IT WAS TWENTY YEARS AGO, TODAY (well 24 April), that the Hubble Space Telescope was launched, making it the first optical telescope to be operated from space.

We have all been amazed and astounded by the images of galaxies and nebulae that have poured out of Hubble’s amazing vision.

But it’s important to highlight Hubble’s role in what has been the seminal discovery of the 1990s: Dark Energy.

From The Edge of Physics:

In the 1990s, two separate teams of astronomers had trained their telescopes to look deep into the nearby universe. One was led by Saul Perlmutter of Lawrence Berkeley National Laboratory and the other by Brian Schmidt of the Australian National University and Adam Riess, who was then at UC Berkeley. They were looking at individual stars in galaxies hundreds of millions, even billions, of light-years away. Normally, it’s impossible to see individual stars so far away. But these astronomers were after stars that were in their death throes—the exploding stars known as supernovae. Supernovae, in their final moments, can outshine their host galaxies and act as beacons, lighting our way to distant parts of our universe. The astronomers were hoping to confirm that the expansion of the universe was slowing down with age.

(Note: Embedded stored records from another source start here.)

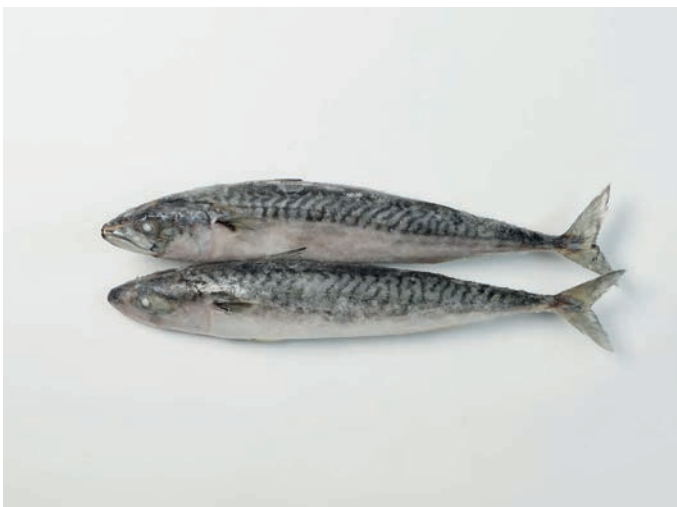
SKUŠA Scomber scombrus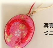
写真: ミニぞうりのチャーム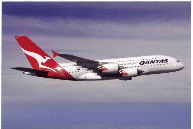
Toutes les illustrations de cette page © Skyward, DSM.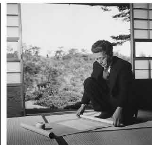
小林秀雄 [第2期展示]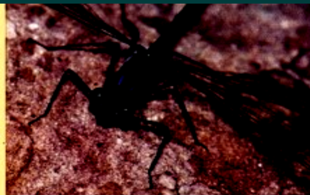
Allopedagrion sp.

tradición respecto a la creación de áreas naturales protegidas, las cuales han sido históricamente seleccionadas sobre la base de un criterio paisajístico. Estas áreas, que en total ocupan aproximadamente el 5% de la superficie del país, afortunadamente representan una amplia variedad de biomas, desde la estepa patagónica hasta las Yungas. Sin embargo, al no existir inventarios faunísticos y florísticos completos que permitan el diseño de políticas de conservación apropiadas, la presencia de una determinada especie en un área protegida no significa necesariamente la protección y conservación de la misma.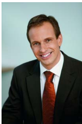
Landesrat Dieter Egger Wasserwirtschaftsreferent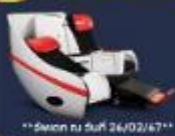
**อัพเดท ณ วันที่ 26/02/67**

Premium Flatbed ที่นั่งสุดพิเศษขนาด 19 นิ้ว มีความยาวถึง 170 ซม. สามารถปรับเอนได้ถึง 180 องศา พร้อมด้วยอุปกรณ์ อำนวยความสะดวกสบาย โดยนั่งสบายตลอดการเดินทาง

Both teams had been monitoring a special type of exploding star known as a type-Ia supernova. Such stellar explosions have become astronomy’s “standard candle,” meaning that we can determine, within limits, their absolute—that is, intrinsic—brightness and, as a result, their distance from us. This calculation is based on the relationship between how long such a supernova takes to reach peak brightness and then wane. This period can be accurately measured and is strongly correlated with the supernova’s absolute brightness. Then astronomers measure its apparent brightness—its brightness as seen from Earth—and its redshift. The apparent brightness, when compared with the absolute brightness, tells us the distance to the supernova, and its redshift is a measure of how much the universe has expanded since the supernova detonated. The idea was to gather data both from nearby and distant supernovae and then compare them to see how the expansion of the universe had changed over time.

And what they found stunned the world of physics: The expanding universe, instead of slowing down with age, or even just coasting along, is actually speeding up.

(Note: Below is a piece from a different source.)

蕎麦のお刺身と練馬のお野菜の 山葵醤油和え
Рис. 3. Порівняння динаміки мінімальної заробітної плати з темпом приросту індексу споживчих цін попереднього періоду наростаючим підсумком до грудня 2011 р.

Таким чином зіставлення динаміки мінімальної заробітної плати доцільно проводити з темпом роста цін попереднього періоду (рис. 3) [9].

Einstein (him again) had shown that space could have an inherent energy and that this energy counters gravity. The supernova studies indicate that something akin to this is indeed happening. Some energy is countering gravity and causing the universe’s expansion to accelerate. Along with dark matter, there is now another puzzle: dark energy (sometimes referred to as the cosmological constant). Together they form the bulk of the universe.

But when the announcement was first made in 1998, there was still concern that there was something wrong with the observations.  Were the supernovae appearing faint because of dust in the galaxies?

That’s when astronomers turned to the Hubble Space Telescope. Perlmutter’s team was the first to use the Hubble in 2000 to study a dozen galaxies. No dust. The results were good.

Then in 2002, the Hubble was fitted with the stunning Advanced Camera for Surveys (ACS), and a new team led by Riess found 25 more supernovae. The results were conclusive: the exploding stars were indeed fainter. The observations concluded that about 73 % of the universe is indeed made of dark energy.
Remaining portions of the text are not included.